I’ve only noticed this yesterday, but after firing up gimp 3.0 — which is gtk3-based — its menu is now displayed inside the application window instead of in Plasma’s global menu widget, or, if you opt for client-side decorations, in the gimp toolbar. The same is true for abiword and diffuse, which are also gtk3-based.
Now, gimp 2.x was either way still exporting its menu to the Plasma global menu widget, and I do still have the appmenu-gtk-module installed — which was specifically created to allow gtk2 and gtk3 applications to export their menus to the Plasma global menu widget — but looking at the package information, appmenu-gtk-module appears to not have been updated anymore since May 2024, and the -git version from the AUR hasn’t even been touched anymore since April 2024.
Any ideas?
Note:chromium still exports its menu — actually, a redacted version of it — to Plasma’s global menu widget, but chromium was specifically coded for that by Google upstream, even without having to rely on the appmenu-gtk-module. That’s why the menu it exports is only a redacted version of chromium’s full menu, which in turn can be brought up by clicking the three vertical dots to the right of the toolbar.

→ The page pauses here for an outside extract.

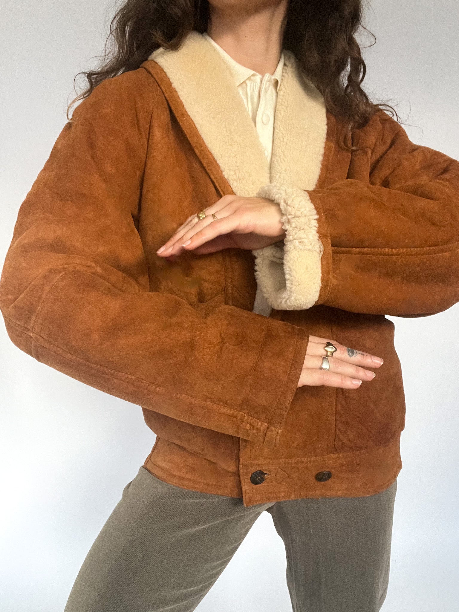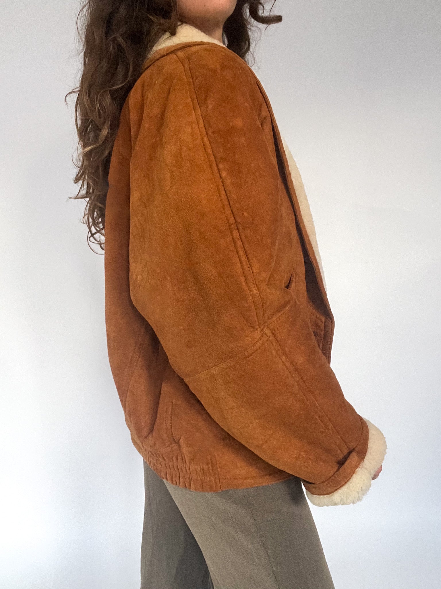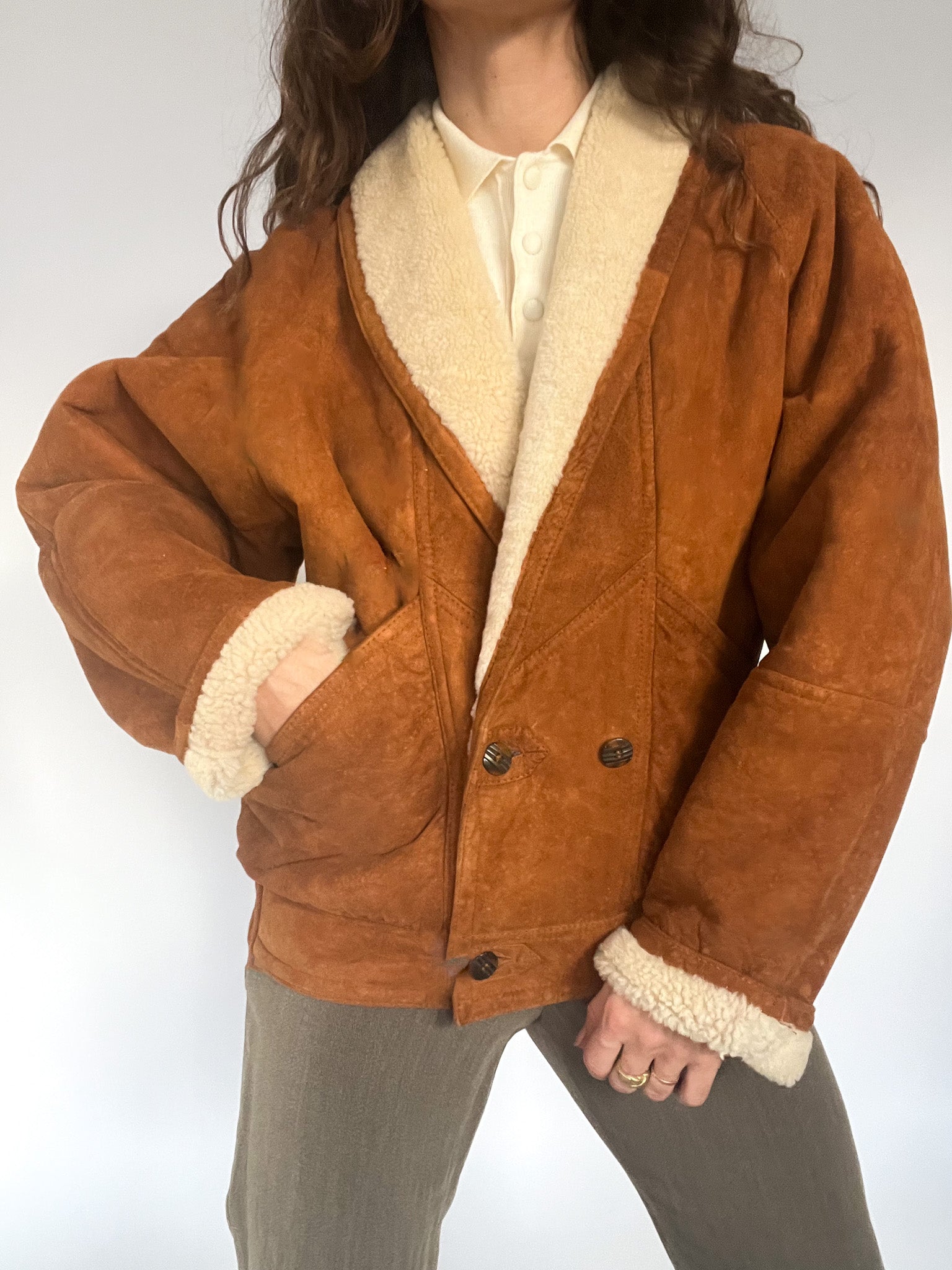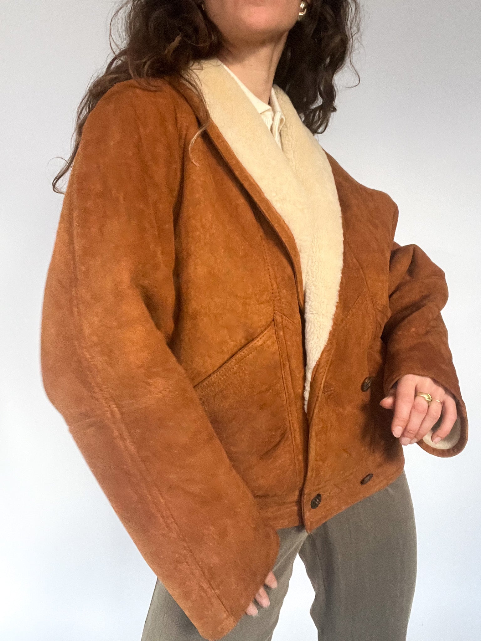A rare 80’s shearling bomber selected for its beautifully structured shape and richly textured suede — that warm, earthy tan tone that brings instant character to any winter look. The cropped-oversized silhouette, combined with the elasticated back, creates that iconic Italian balance between softness and strength: relaxed in volume yet perfectly held in place. The deep shearling collar and cuffs add cosy contrast, while the sculptural front panels and distinctive buttons make this piece feel truly unique. In pure Skorpiones Vintage spirit, it embodies everything we love. Expressive design, noble materials, and a silhouette that empowers you the moment you slip it on.

I don’t have any idea what the issue you’re having means. I don’t notice any differences. Lots of things that were updated in Gtk3 have put their spell on things globally, like MyPaint didn’t want to start until I changed its code. I’m sure there are other things as well, not yet discovered. But so far, nothing major for me.
At the cost of lost screen real estate, because now the menu has to take up space inside the application window.
No. Different beast.
Oh yes — such is the nature of gtk.
Getting back to the subject at hand, there was a comment at kde.org about some bug fix introduced in Plasma 6.3.3 for the in-window menus of gtk applications.
The stock firefox has never supported a global menu — or at least, not on GNU/Linux, because the macOS version does — but there are specially patched versions of it in the AUR, and likewise for some of the firefox spinoffs like librewolf.
I actually have a HowTo about it in the Tutorials section.
The problem however is that it takes about 5 hours of compiling. Been there, done that, have the T-shirt and the bumper sticker.
Well, it’s a matter of personal preference. The global menu corresponds to my personal preferences in ergonomics and logic, and it makes for a more integrated feel regarding applications and operating system, which is perfectly consistent with the fact that UNIX was conceived as an integrating toolbox, in which applications become mere extensions of the operating system, as opposed to separate entities like in MS-Windows.